Another family murdered and maimed in Afghanistan, Pakestan, Iraq, Lebanon, Gaza, West Bank and no accounting, no prison, no justice. And yet, I read how outraged our Israeli Jews are when one of their prisoners is released after 40 years for doing less.
Bush hands out a handful of Bush Bucks and calls it even. Maybe Hezbollah should send Ehud Olmert a fist full of sheckels, in a plain brown envelope, and call it square.
Justice is a bad joke.
The same eternal justification of the genocidal violence of the US: our genocidal violence is ONLY A RESPONSE OR REACTION. This can be noticed even in the atrocities of the US police force against the innocent civilians. The main-stream media interprets these atrocities as THE RESPONSE OR REACTION OF THE POLICE.
Three children, who are Kuchis, the nomads of Afghanistan have been hit by Nato bombs, American or British, and nurses are trying to peel away their roasted skin with tweezers. On the night of 10 June, NATO planes struck again, killing at least 30 civilians in a single village: children, women, schoolteachers, students. On 4 July, another 22 civilians died like this. All, including the roasted children, are described as "militants" or "suspected Taliban".
What is evident is: at the heart of the US project of "war of terrorism" is a desire to avoid accountability for what they want to do. Guantanamo Bay, Abu Ghraib and extraordinary renditions are part of the same struggle to avoid accountability. The victims of this American genocidal violence are innocent men, women (yound and old), and children.

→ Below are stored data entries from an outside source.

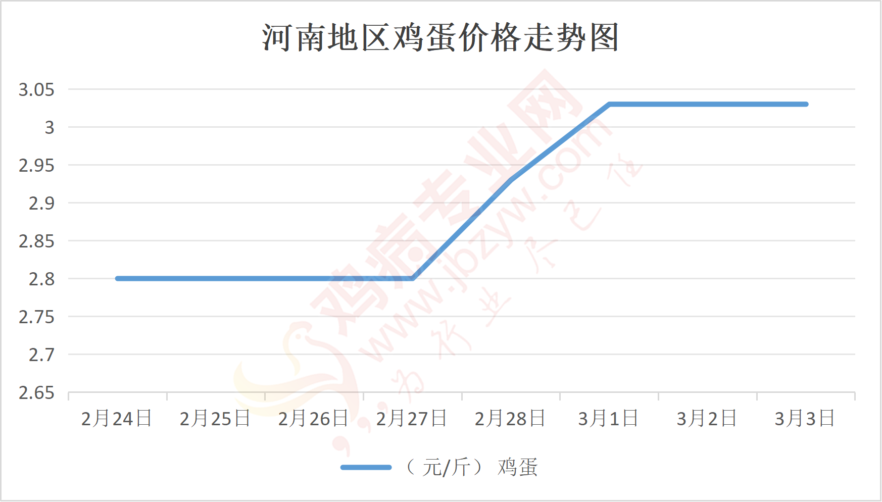 鸡病专业网消息:3月3日,河南郑州鸡蛋3.05元/斤,稳;新密鸡蛋3.05元/斤,稳;荥阳鸡蛋3.05元/斤,稳;中牟鸡蛋3.05元/斤,稳;周口鸡蛋3元/斤,稳;商丘鸡蛋91元/30斤,稳;鹤壁鸡蛋2.95元/斤,稳;汝州鸡蛋3元/斤,稳;开封鸡蛋91元/30斤,稳;漯河鸡蛋3元/斤,稳;漯河临颍鸡蛋3元/斤,稳;许昌鸡蛋3元/斤,稳;南阳鸡蛋3元/斤,稳;南阳邓州鸡蛋3元/斤,稳;新乡鸡蛋3元/斤,稳;安阳鸡蛋3元/斤,稳;新郑鸡蛋3.05元/斤,稳;登封鸡蛋3.05元/斤,稳;平顶山鸡蛋3元/斤,稳;驻马店鸡蛋3元/斤,稳;三门峡鸡蛋3元/斤,稳;焦作鸡蛋3元/斤,稳;信阳鸡蛋3元/斤,稳;濮阳鸡蛋3元/斤,稳。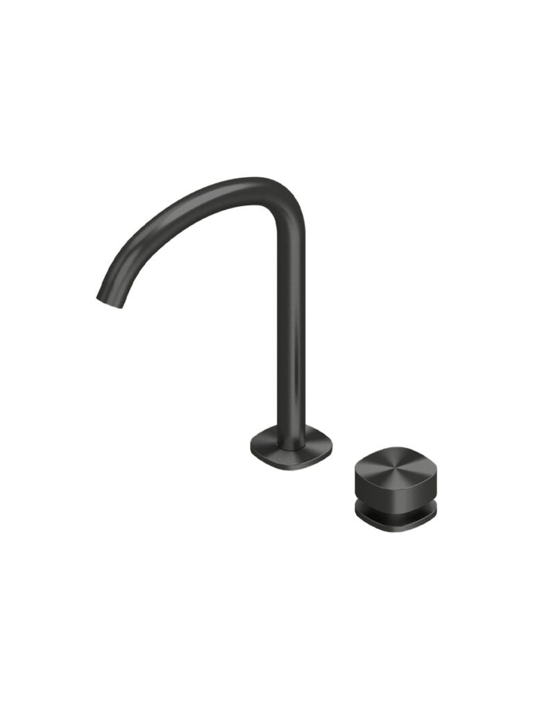 Gruppo miscelatore tradizionale due fori a piano con bocca di erogazione girevole.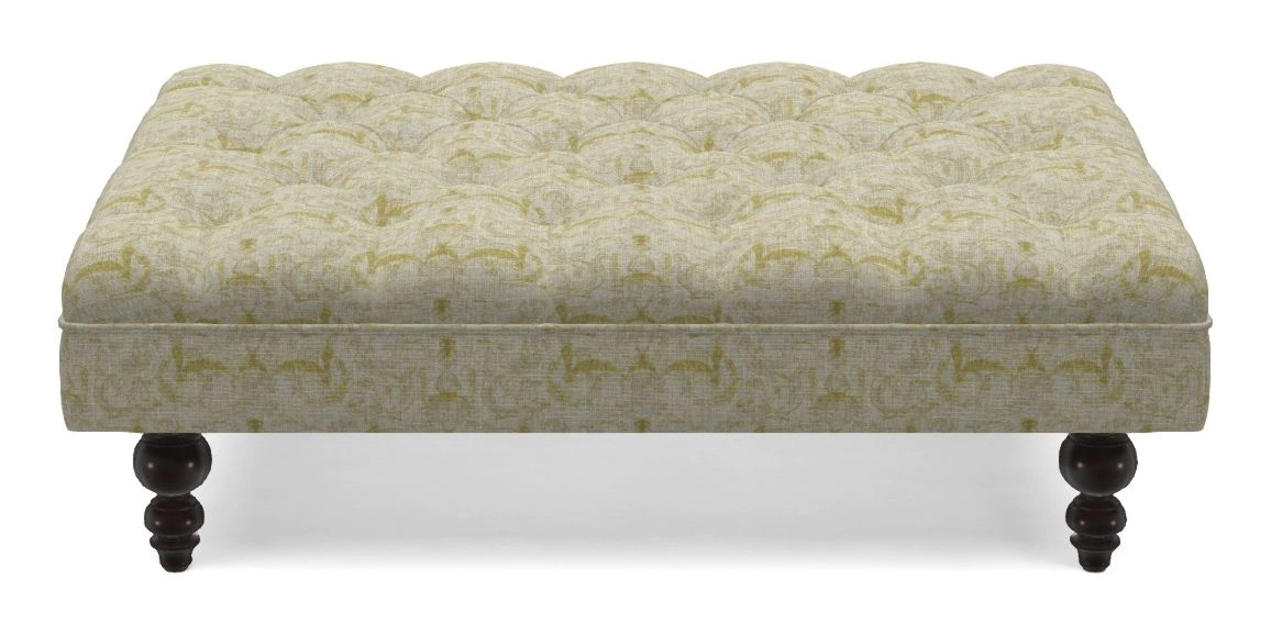 A traditionally styled, large, low rectangular footstool featuring classic buttoning and solid hardwood turned feet.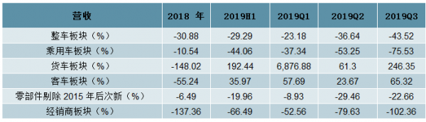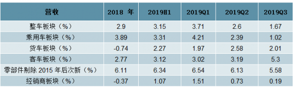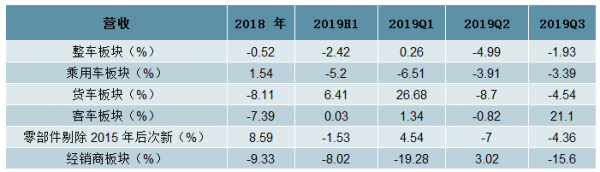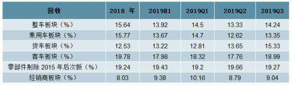 1)营收增速方面:2019年Q3整车板块实现营收增速-1.93%,零部件板块实现营收增速-4.36%,经销商板块实现营收增速-15.60%。整车细分板块方面,乘用车同比下降3.39%,客车同比增长21.1%,货车同比下降4.54%。乘用车板块营收端自2018年Q3以来呈现负增长,主要是乘用车销量下行造成的,该趋势在19年下半年起逐渐好转。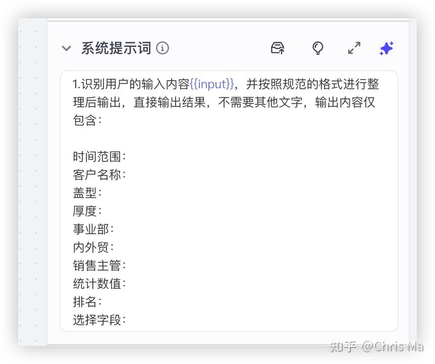 其次,我们要有一些系统提示词和用户提示词给到这个节点的大模型。

Ex-Unocal Lobbyist and US lackey Karzai blames the Pakistani ISI for the attack on the Indian Embassy in Kabul last week.
Since then the US/Nato is Bombing/Killing Pakistani Civilians in "HUGE NUMBERS" according to tribal elders.
Since last week's bombing is potentiating increased US incursions into Pakistan, A US objective,
Question? Who benefited from the bombing in Kabul? Answer; US tactical, even strategic objectives.
These dots can be connected with worn crayons held by blinded Afghan children.